If we think the data generating process is similar between models, then by restricting the freedom of parameters between models we can get more data for each estimate.

For example if we think that all parameters are the same between the models we can estimate:

$$y_{i,0}=\alpha + X_{i,0}\theta +\epsilon_{i,0}$$

$$y_{i,1}=\alpha + X_{i,1}\theta +\epsilon_{i,1}$$

Or:

$$y_{ij}=\alpha + X_{ij}\theta + \epsilon_{ij}$$

#### Fixed slopes

Intercepts may be different between the groups.

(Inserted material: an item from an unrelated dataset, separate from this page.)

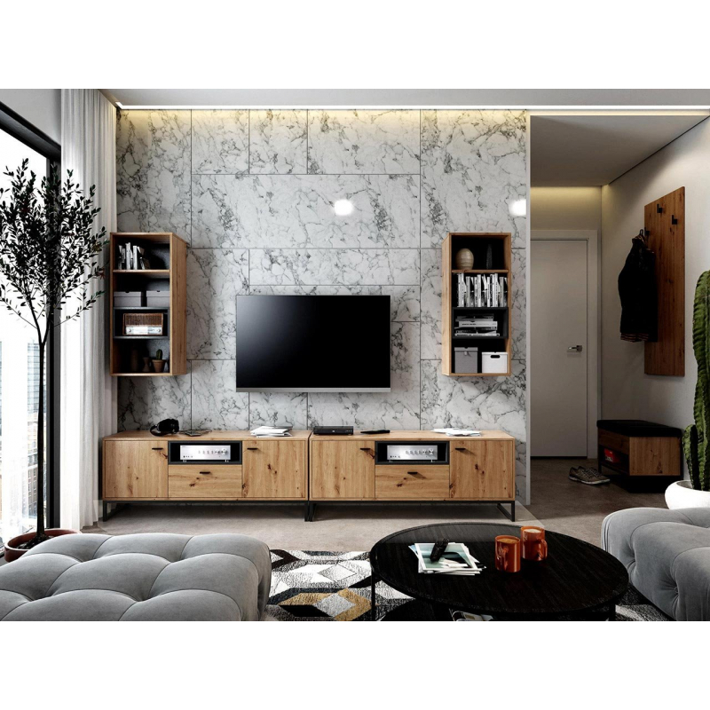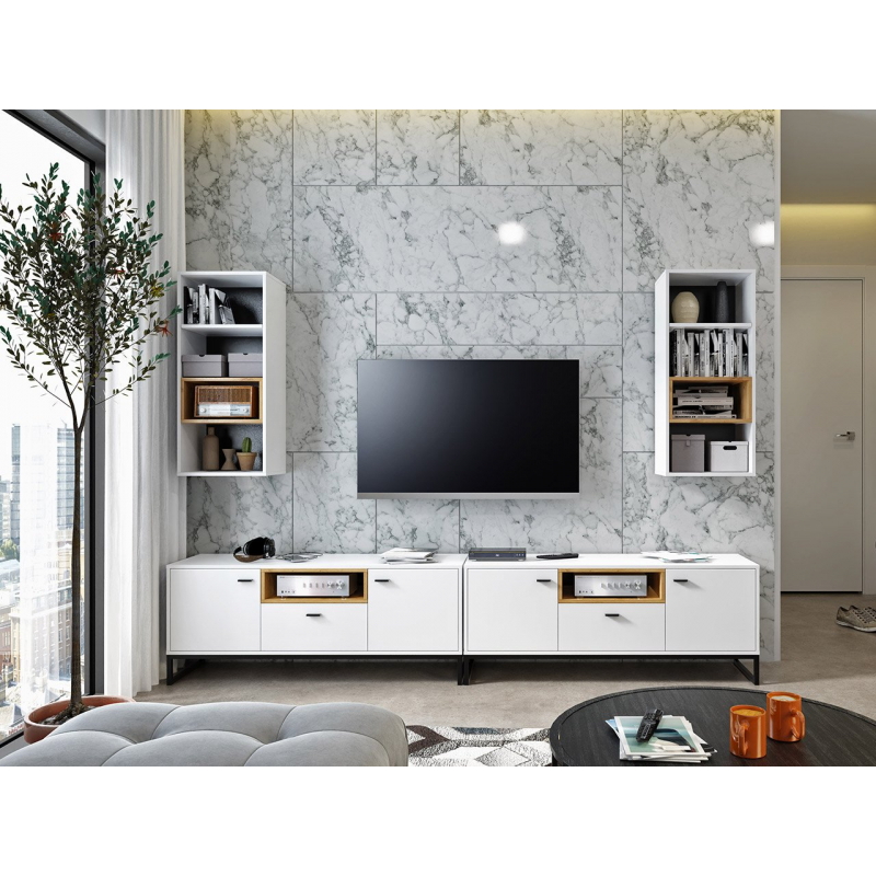 V soupravě Olier IX najdete dvě šikovné televizní skříňky, které vám pomohou uspořádat věci a vystavit vaše elektronické zařízení, a dvě závěsné police, které jsou dokonalým místem pro dekorace nebo knihy.

In this case we can instead use the model:

$$y_{ij}=\alpha + X_{ij}\theta + \xi_j + \epsilon_{ij}$$

There are different ways of estimating this model:

• Pooled OLS

• Fixed effects

• Random effects

## The pooled OLS estimator

### Pooled OLS

#### Introduction

Our model is:

$$y_{ij}=\alpha + X_{ij}\theta + \xi_j + \epsilon_{ij}$$

## The fixed effects estimator

### Within and between transformation

#### Introduction

We can group the data in two ways, one gets between differences and the other within differences.

In the above example, we could find the effects of schools, or of departments.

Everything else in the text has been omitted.